**Data for this exercise**
..........

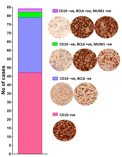 Stacked bar showing the distribution of expression of markers in the recruited DLBCL cases. Representative micrographs of CD10 + ve GCB (Top), CD10-ve, BCL-6-ve ABC (2nd) CD10-ve, BCL-6 + ve, MUM1-ve (3rd) and CD10-ve, BCL-6 + ve and MUM1 + ve (bottom) are also shown, corresponding to the colors of the stacks.
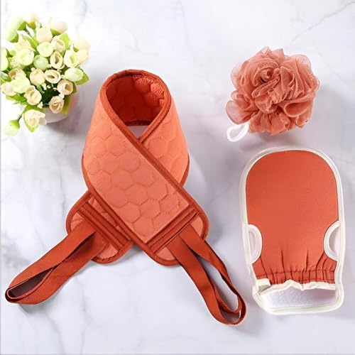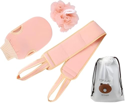 فرش الجسم، من 3 قطع لتنظيف الجسم والظهر للحصول على تجربة استحمام منعشة، تتضمن وسادة تقشير سهلة التنظيف، مناسبة للرجال والنساء (وردي)
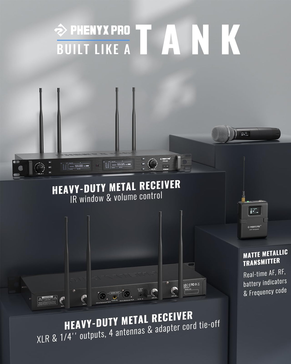 - Q: What materials are used in the construction of the microphones? A: The microphones and receiver are constructed with heavy-duty all-metal materials, ensuring durability and a professional look.
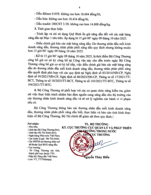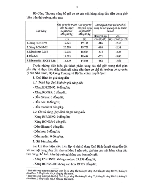 Văn bản số 7538/BCT-TTTN ngày 02.10.2025 về điều hành kinh doanh xăng dầu
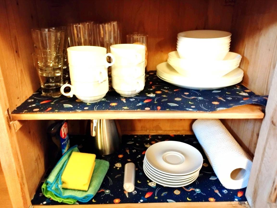 Geschirr und Besteck für 6 Erwachsene und 2 Kinder
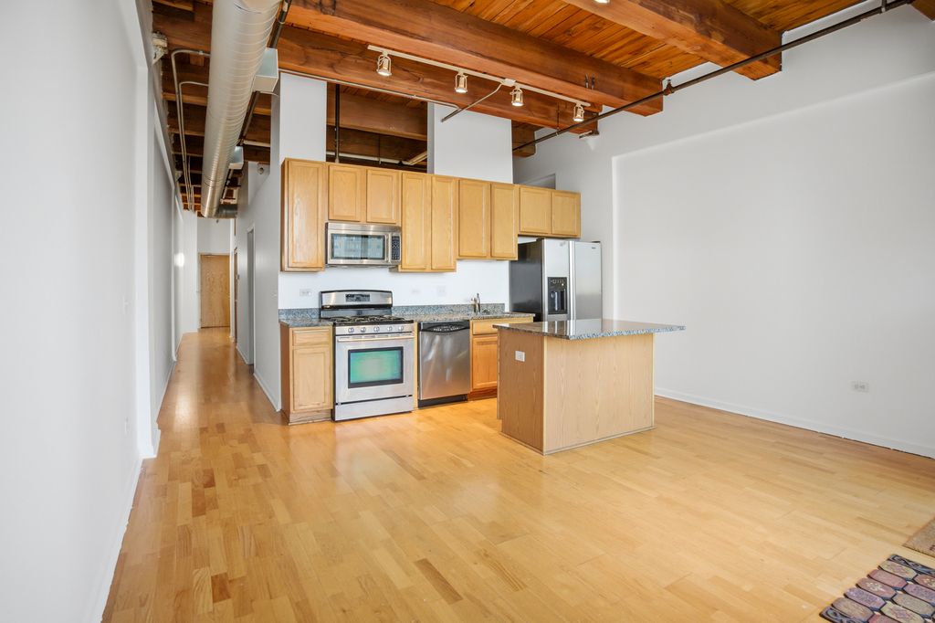 A classic timber loft with dramatic high ceilings in the heart of the South Loop. This 1-bedroom unit features east-facing views with plenty of natural light from the large windows and light-toned hardwood floors. The kitchen offers maple cabinetry, granite countertops, and a functional island that provides extra prep space and bar-stool seating. The spacious bedroom includes a walk-in closet, rarely found in loft living. Step out onto your private balcony, situated at the perfect height to offer a unique blend of privacy and a front-row seat to the passing trains. The owner recently installed a brand-new HVAC system only 3 months ago, providing years of worry-free comfort. This move-in ready home also includes an in-unit washer/dryer and access to a common rooftop deck with stunning skyline views. Located just 2 blocks from the red, green and orange lines and within walking distance to Mariano's, museum campus, and the lakefront.
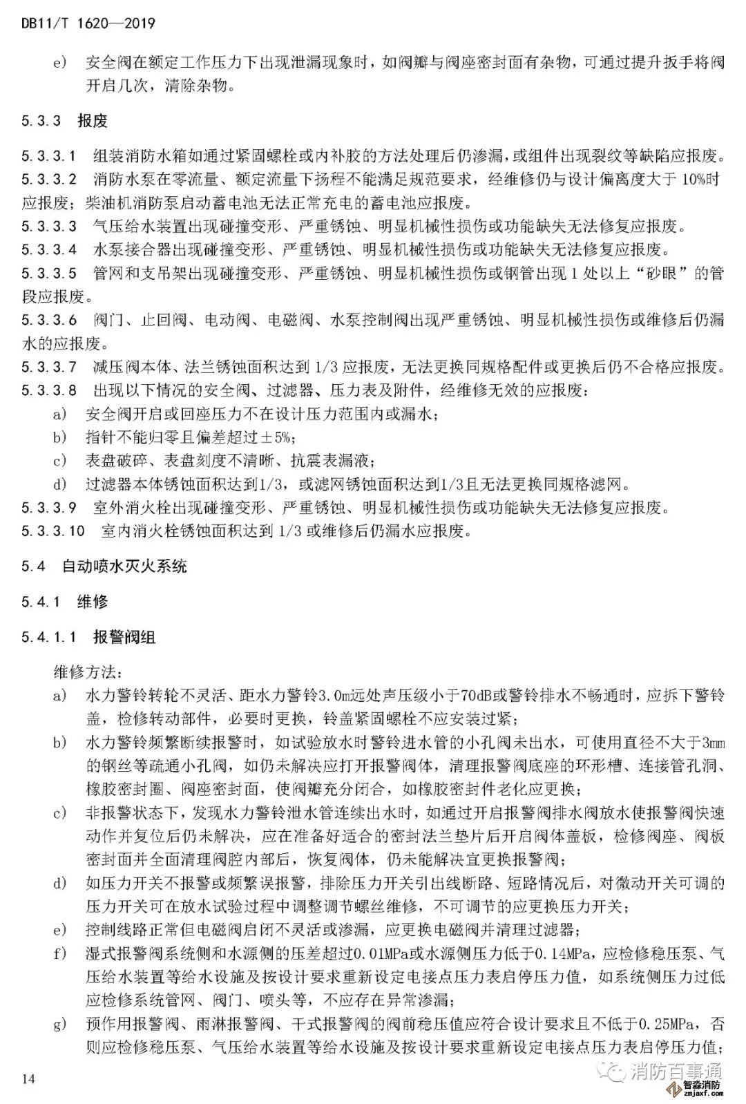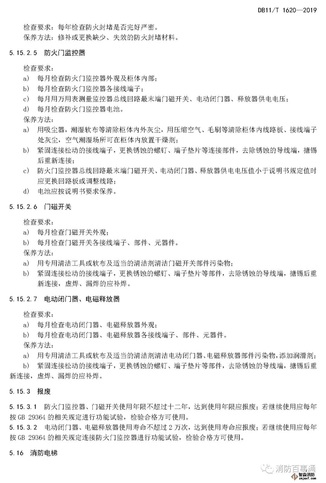北京市2019年7月1日實(shí)施的DB11/T1620—2019《建筑消防設(shè)施維修保養(yǎng)規(guī)程》,很清楚的規(guī)定了一些消防設(shè)備/器材的具體報(bào)廢年限。
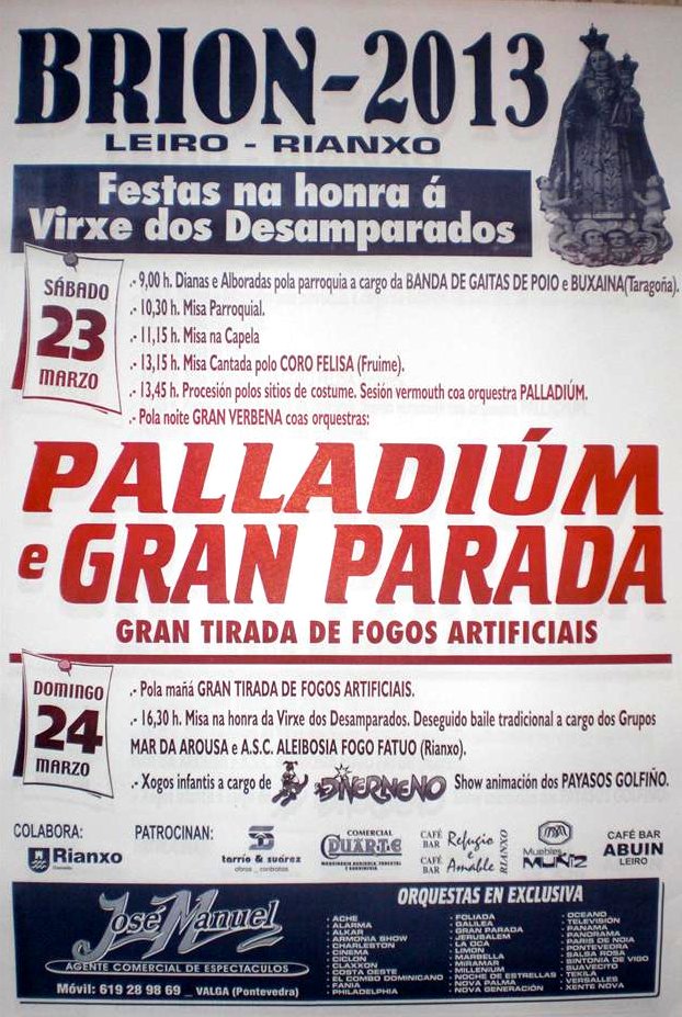 Programación das Festas de Brión 2013, na honra á Virxe dos Desamparados.
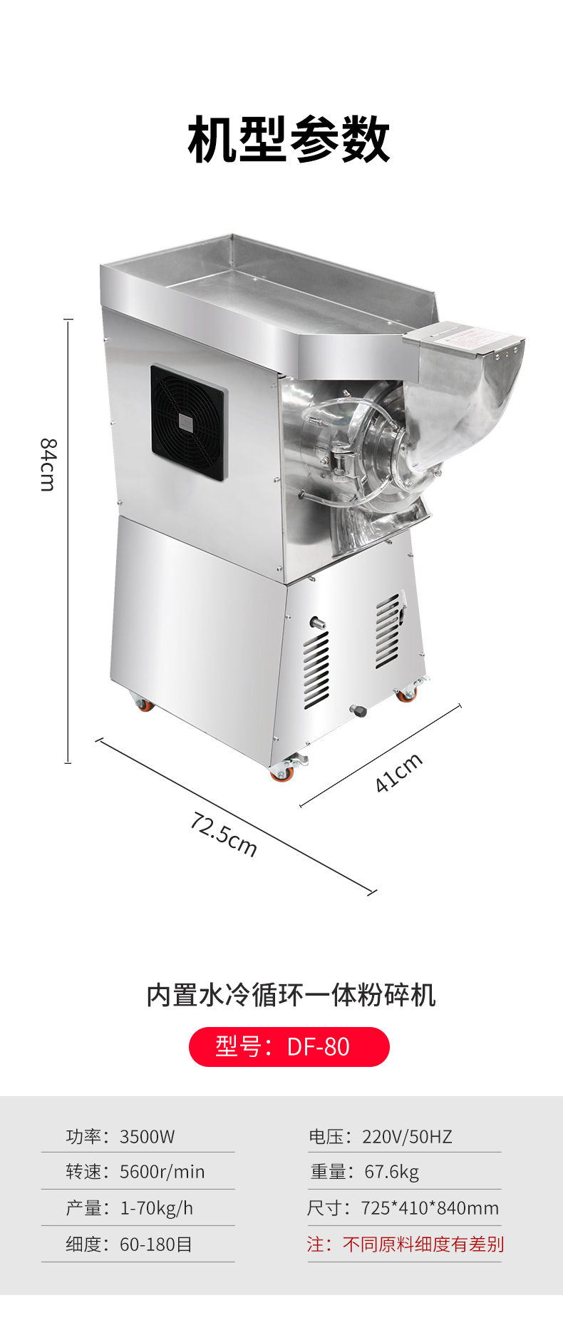 大德 DF-80内置水冷低温中药材粉碎机三七天麻商用连续投料打粉机
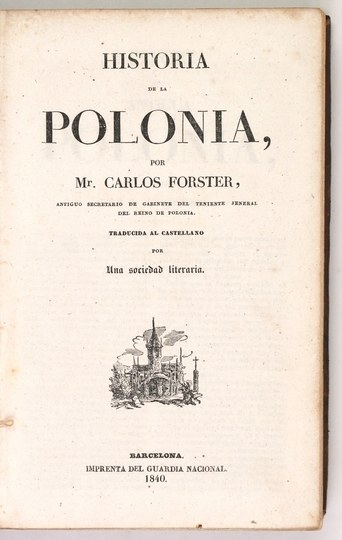 FORSTER Carlos - Historia de la Polonia, por ... Traducida al castellano por una Sociedad Literaria. Barcelona 1840. Imprenta del Guardia Nacional. 8, s. [4], 265, [3], tabl. 54, mapa rozkł. 1. opr. skóra złoc. z epoki. Panorama Universal.

..........

**What needs to be done**
No pictures belong in the answer, only the lines from the top of the listing through the line containing "Geschirr und Besteck", repeated word for word.

**Solved problem**
 Stacked bar showing the distribution of expression of markers in the recruited DLBCL cases. Representative micrographs of CD10 + ve GCB (Top), CD10-ve, BCL-6-ve ABC (2nd) CD10-ve, BCL-6 + ve, MUM1-ve (3rd) and CD10-ve, BCL-6 + ve and MUM1 + ve (bottom) are also shown, corresponding to the colors of the stacks.
 فرش الجسم، من 3 قطع لتنظيف الجسم والظهر للحصول على تجربة استحمام منعشة، تتضمن وسادة تقشير سهلة التنظيف، مناسبة للرجال والنساء (وردي)
 - Q: What materials are used in the construction of the microphones? A: The microphones and receiver are constructed with heavy-duty all-metal materials, ensuring durability and a professional look.
 Văn bản số 7538/BCT-TTTN ngày 02.10.2025 về điều hành kinh doanh xăng dầu
 Geschirr und Besteck für 6 Erwachsene und 2 Kinder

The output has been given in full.